Opinions

Victim Blaming Has No Place In Solidarity

By: Anne Boyd Kirby, Contributor

     Talk to women anywhere, and you will hear that each one of them has been cat called. I have experienced this both in America and in Cuba where I went on a mission trip, and this is a problem across the world. What is sad and quite terrifying about this is the shocking amount of women who have, at some point in their lives, been objectified and sexually harassed, whether verbally, as I can attest to from experience, or, worse, physically. In order to address this issue, it is paramount that we stand with these women in solidarity.

     The enormity of this often underplayed issue was acknowledged worldwide with the launch of the #MeToo campaign, in which Alyssa Milano, responding to the allegations against Harvey Weinstein, tweeted, “If you’ve been sexually harassed or assaulted, write ‘me too’ as a reply to this tweet.” Needless to say, many people, mostly men, were astonished by how many women they knew who had similar experiences. With all the recent political debate, one would think that this is a matter that most people can agree on. Ideally, the general public could agree that not only is sexual assault and harassment wrong, but that we should also empathize with the victims who have been brave enough to come forward and demand justice from their offenders. Unfortunately, however, there is a shocking number of women who have come forward and been confronted by people who have had the nerve to challenge these victims, asking, “Why didn’t you come forward sooner?” This is not an acceptable response.

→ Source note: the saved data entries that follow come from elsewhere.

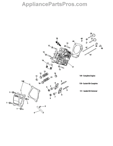 This is a genuine OEM replacement part that contains the necessary parts for replacing the cylinder head assembly in lawn and garden equipment with gasoline-powered engines. The cylinder head maintains the airflow to the cylinders. This airflow is responsible for fuel combustion. If the cylinder head is cracked or broken, fuel combustion is not efficient. When the airflow is blocked or lessened due to cracks and damage, engine performance suffers. This is a complete cylinder head assembly kit. It contains the cylinder head, valve kits, cylinder head gasket, muffler stud, muffler stud assembly, valve springs and spring retainers, valve cover gasket, exhaust valve adjuster, carburetor gasket, carburetor stud, and insulator. All parts should be replaced when doing a cylinder head assembly replacement to ensure all parts are in new condition.The cylinder head assembly is sourced directly from the manufacturer. It is sold as an individual kit containing all the parts. The cylinder head assembly is designed for use in leaf blowers, wood chippers, tillers, log splitters, and other small engines manufactured by Troy-Bilt, Cub Cadet, MTD, Yard-Machines, and other small engines.
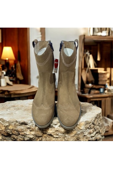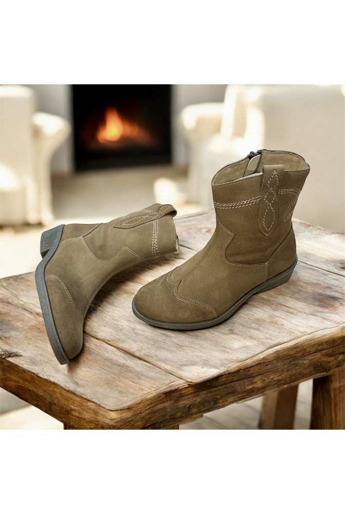 Añade un toque estilo tejano y auténtico a tu look con estos botines de inspiración vaquera perfectas para cualquier ocasión casual. Fabricadas en suave serraje color visón y costuras decorativas que realzan su diseño y estilo western. Suela antideslizante y forro interior suave y cálido que brinda confort todo el día.
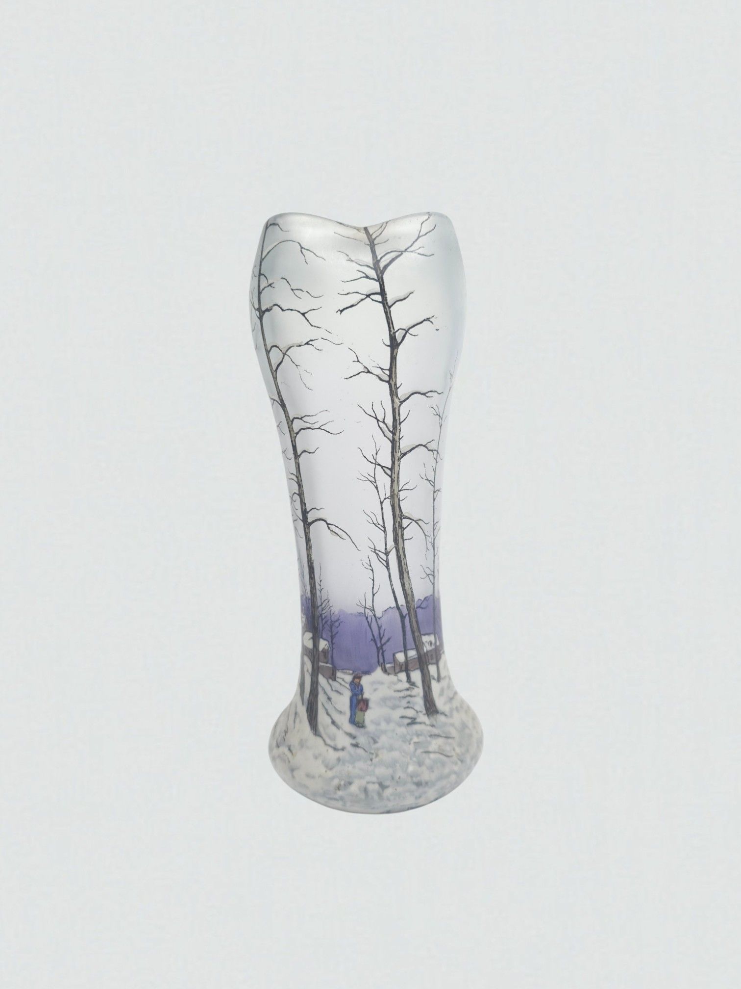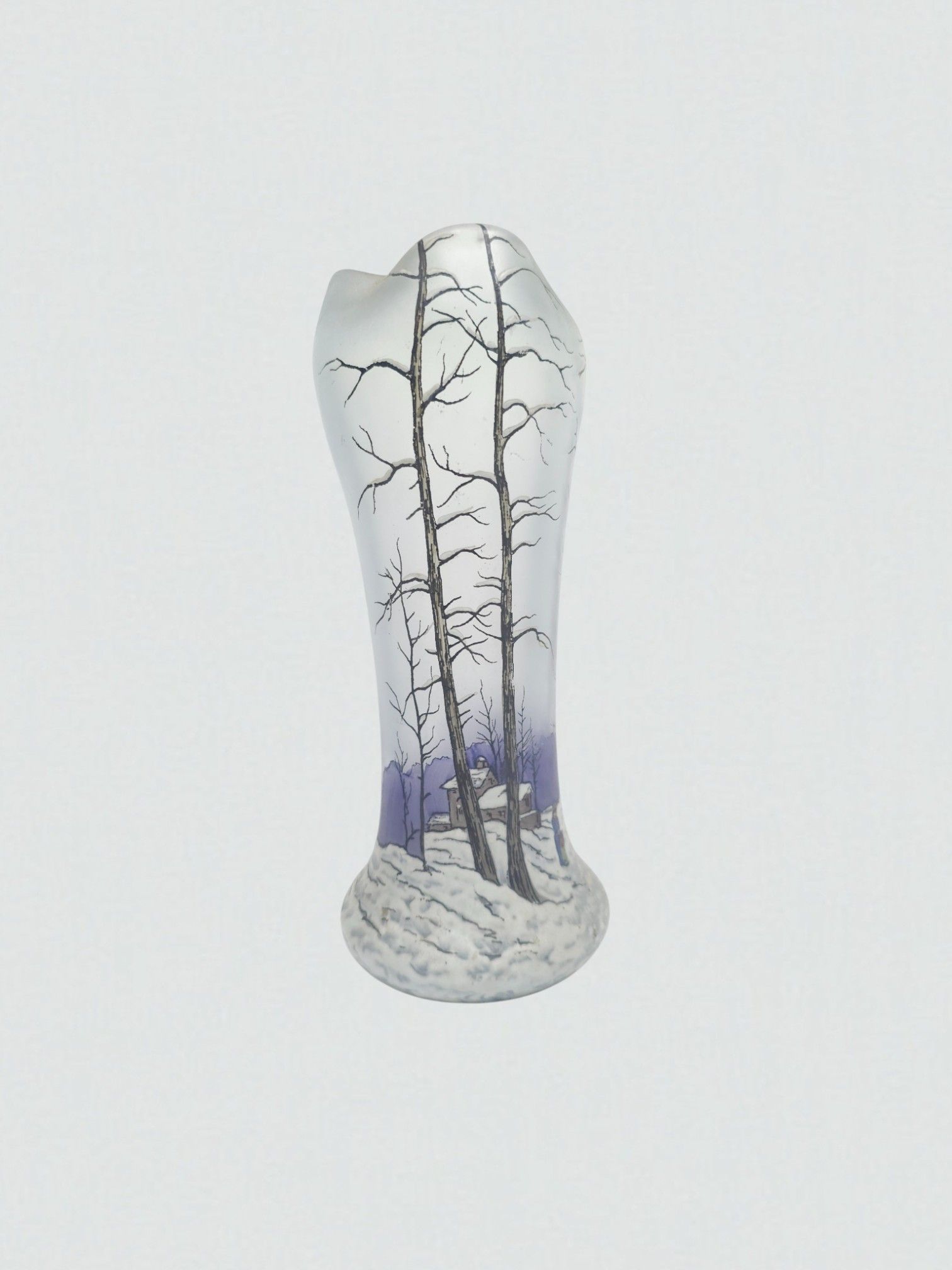 Attributed to François-Théodore LEGRAS (1839-1916). An enamelled glass vase "Sous la neige". H: 22 cm.

     Freedom of speech and expression of individual thought aside, it is not within the moral rights of anyone who has never been the object of sexual harassment or assault to shame victims for not coming forward sooner. Without ever having been in the situation that these women were in, there is no room for judgment on how they handled it. Consider the women involved with the Harvey Weinstein scandals. Many were young actresses at the time, either pursuing or in the midst of an acting career in Hollywood; many would not want to do anything that would risk interfering with their careers. Certainly, no one would want to cross the man who was once considered one of the most powerful men in Hollywood. This concept of the offender being in a place of power over the victim is not uncommon, and it is undoubtedly the reason behind many other women across the world not coming forward sooner as well.

     Another aspect to consider is the possibility that no one would believe a victim should she accuse the offender outright. This would only be a detriment to her and to her reputation. Many of the lesser known victims of Weinstein admit that they initially felt they could not come forward until women with bigger names, such as Angelina Jolie and Ashley Judd, admitted that they were affected too. The public would listen to these women because of their fame, and that power would allow them to come forward when others felt they could not.

     Women often think that they are alone in what has happened to them. This is why the #MeToo campaign matters, and this is why there is finally a dialogue about sexual harassment. There is power behind solidarity. The more women who come forward, the more likely it is for thousands of other women to chime in and say “Me too.”

     Ultimately, sexual harassment and assault victims need to feel comfortable in coming forward in order to allow other victims a platform of safety where they feel they can do the same. This is important in order to incite change and prevent more people from becoming victims. However, no one can force victims to come forward. No one can say, “You should have come forward sooner,” and no one can make others come forward if they are not ready. We simply must provide a system of support and sympathy. That is how we can stop this issue, not by guilting those with the courage to speak out, but by standing with them in solidarity.